What the exercise asks: Using the listing below, print the line containing "根据中国法学会关于推行首席法", the line containing "Krishna fate, painting", and each line between them, exactly and nothing else. Pictures stay out of the print.

===== Given records =====

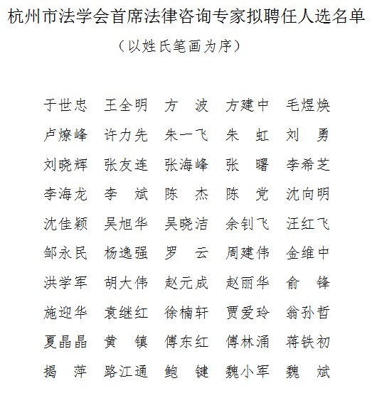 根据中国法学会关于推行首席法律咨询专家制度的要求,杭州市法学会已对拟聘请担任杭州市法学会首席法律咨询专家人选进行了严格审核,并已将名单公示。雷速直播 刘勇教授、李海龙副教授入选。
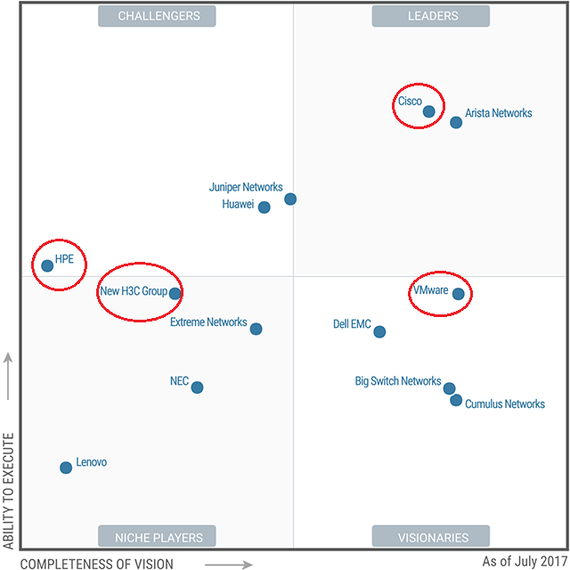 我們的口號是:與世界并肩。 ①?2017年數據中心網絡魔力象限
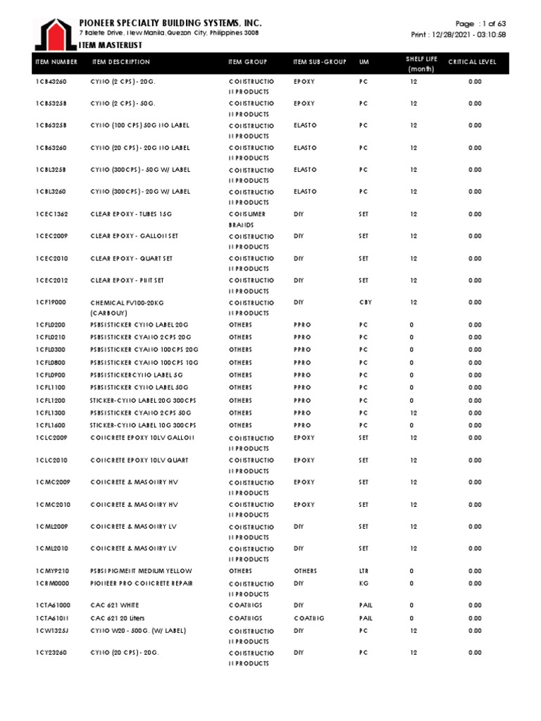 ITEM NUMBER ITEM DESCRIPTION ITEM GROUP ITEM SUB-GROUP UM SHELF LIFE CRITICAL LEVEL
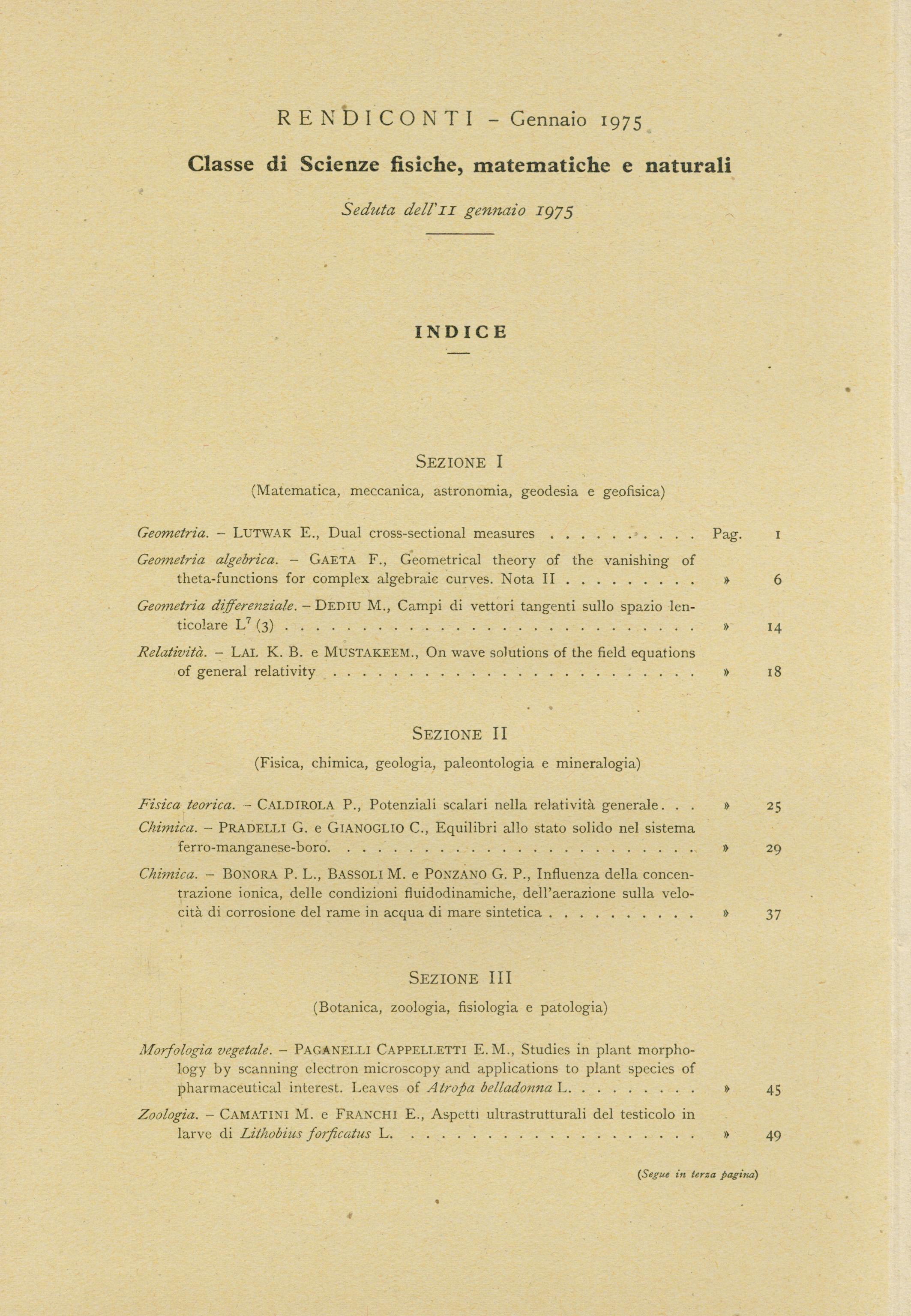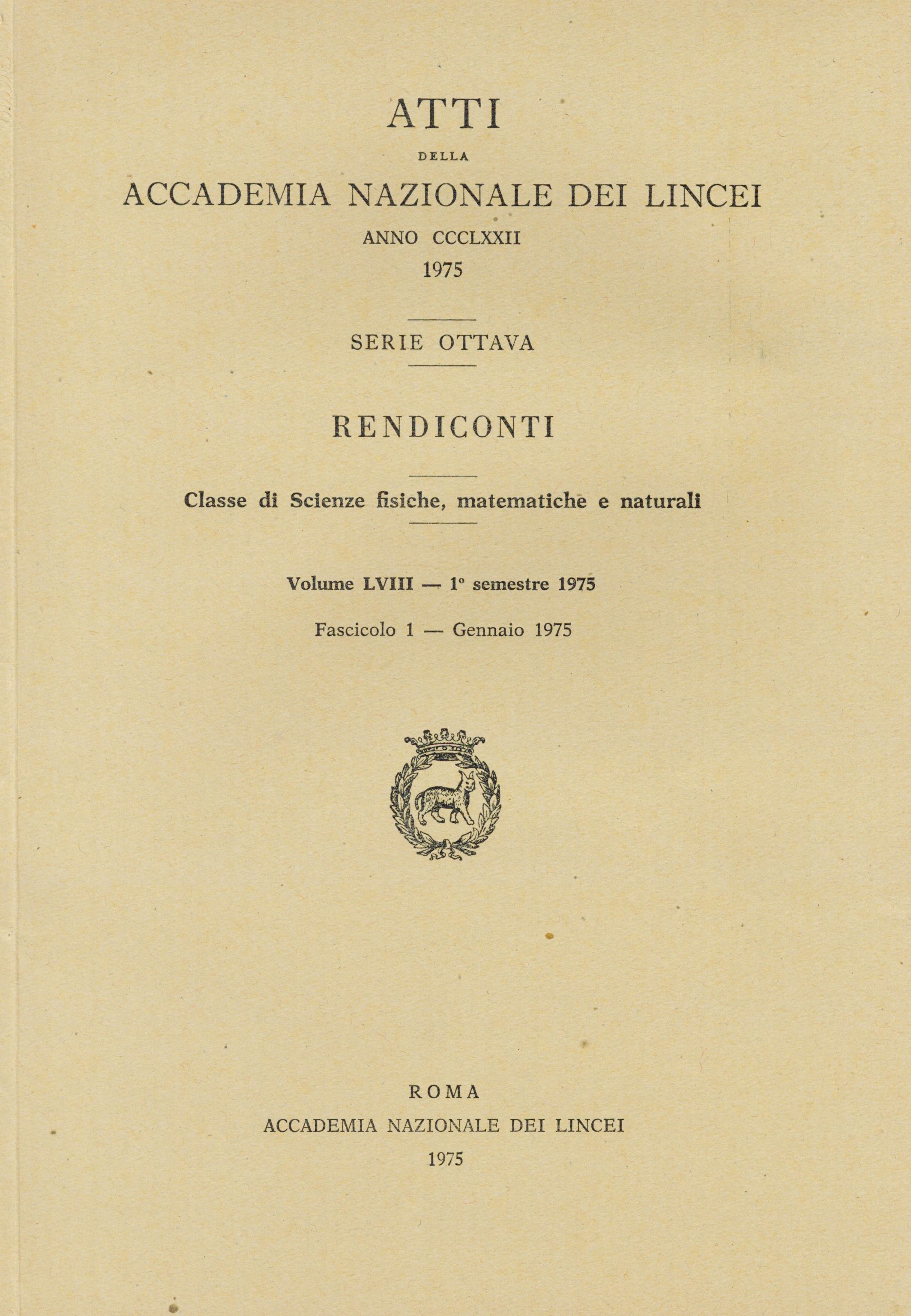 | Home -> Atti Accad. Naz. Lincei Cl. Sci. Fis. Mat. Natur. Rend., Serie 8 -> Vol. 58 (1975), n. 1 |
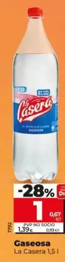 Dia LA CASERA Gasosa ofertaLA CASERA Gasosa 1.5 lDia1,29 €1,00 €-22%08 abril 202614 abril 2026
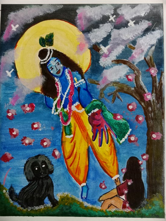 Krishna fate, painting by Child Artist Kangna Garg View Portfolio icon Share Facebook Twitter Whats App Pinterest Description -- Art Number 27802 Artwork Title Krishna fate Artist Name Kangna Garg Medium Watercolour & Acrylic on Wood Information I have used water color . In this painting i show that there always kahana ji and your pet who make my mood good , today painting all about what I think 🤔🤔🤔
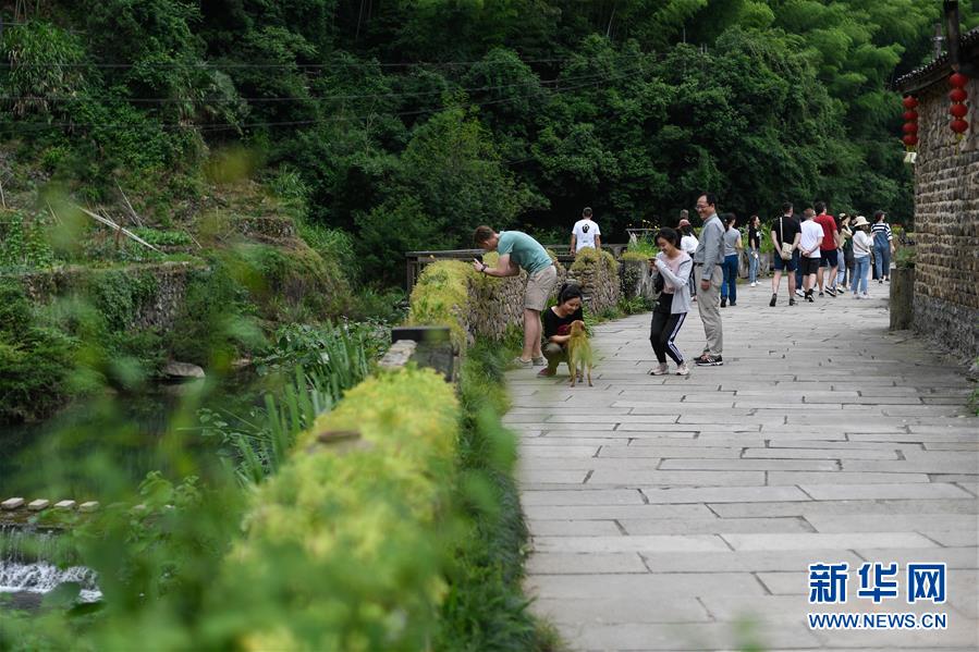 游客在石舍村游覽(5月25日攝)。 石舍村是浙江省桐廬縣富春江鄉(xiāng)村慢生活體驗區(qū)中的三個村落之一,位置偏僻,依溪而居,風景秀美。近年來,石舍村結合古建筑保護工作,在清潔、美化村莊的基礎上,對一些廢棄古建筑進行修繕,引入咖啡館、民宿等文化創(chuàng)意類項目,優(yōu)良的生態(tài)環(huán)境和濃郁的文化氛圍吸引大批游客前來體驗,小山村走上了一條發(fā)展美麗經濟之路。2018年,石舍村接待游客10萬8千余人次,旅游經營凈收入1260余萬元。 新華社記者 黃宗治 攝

=====
===== Given records =====

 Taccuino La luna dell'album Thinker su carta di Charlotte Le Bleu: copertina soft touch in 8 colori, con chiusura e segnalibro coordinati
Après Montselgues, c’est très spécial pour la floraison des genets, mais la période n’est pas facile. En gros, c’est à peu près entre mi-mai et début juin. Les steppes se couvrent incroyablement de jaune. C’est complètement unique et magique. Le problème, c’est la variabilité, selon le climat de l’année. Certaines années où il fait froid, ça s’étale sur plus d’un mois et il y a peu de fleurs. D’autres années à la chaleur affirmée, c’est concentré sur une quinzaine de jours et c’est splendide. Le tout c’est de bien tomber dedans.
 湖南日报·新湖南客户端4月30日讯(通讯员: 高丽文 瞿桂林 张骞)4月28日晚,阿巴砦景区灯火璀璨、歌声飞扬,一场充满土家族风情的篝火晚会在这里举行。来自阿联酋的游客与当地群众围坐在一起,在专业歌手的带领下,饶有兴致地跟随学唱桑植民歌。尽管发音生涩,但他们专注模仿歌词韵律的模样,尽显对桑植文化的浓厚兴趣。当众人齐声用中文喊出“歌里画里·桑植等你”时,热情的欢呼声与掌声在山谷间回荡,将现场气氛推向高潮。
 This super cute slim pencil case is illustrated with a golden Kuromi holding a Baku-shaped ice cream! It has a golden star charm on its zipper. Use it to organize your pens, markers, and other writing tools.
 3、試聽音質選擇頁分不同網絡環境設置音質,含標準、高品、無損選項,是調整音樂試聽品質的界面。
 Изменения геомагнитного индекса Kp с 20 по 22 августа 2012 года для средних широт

=====

Response to this exercise:
 根据中国法学会关于推行首席法律咨询专家制度的要求,杭州市法学会已对拟聘请担任杭州市法学会首席法律咨询专家人选进行了严格审核,并已将名单公示。雷速直播 刘勇教授、李海龙副教授入选。
 我們的口號是:與世界并肩。 ①?2017年數據中心網絡魔力象限
 ITEM NUMBER ITEM DESCRIPTION ITEM GROUP ITEM SUB-GROUP UM SHELF LIFE CRITICAL LEVEL
 | Home -> Atti Accad. Naz. Lincei Cl. Sci. Fis. Mat. Natur. Rend., Serie 8 -> Vol. 58 (1975), n. 1 |
 Dia LA CASERA Gasosa ofertaLA CASERA Gasosa 1.5 lDia1,29 €1,00 €-22%08 abril 202614 abril 2026
 Krishna fate, painting by Child Artist Kangna Garg View Portfolio icon Share Facebook Twitter Whats App Pinterest Description -- Art Number 27802 Artwork Title Krishna fate Artist Name Kangna Garg Medium Watercolour & Acrylic on Wood Information I have used water color . In this painting i show that there always kahana ji and your pet who make my mood good , today painting all about what I think 🤔🤔🤔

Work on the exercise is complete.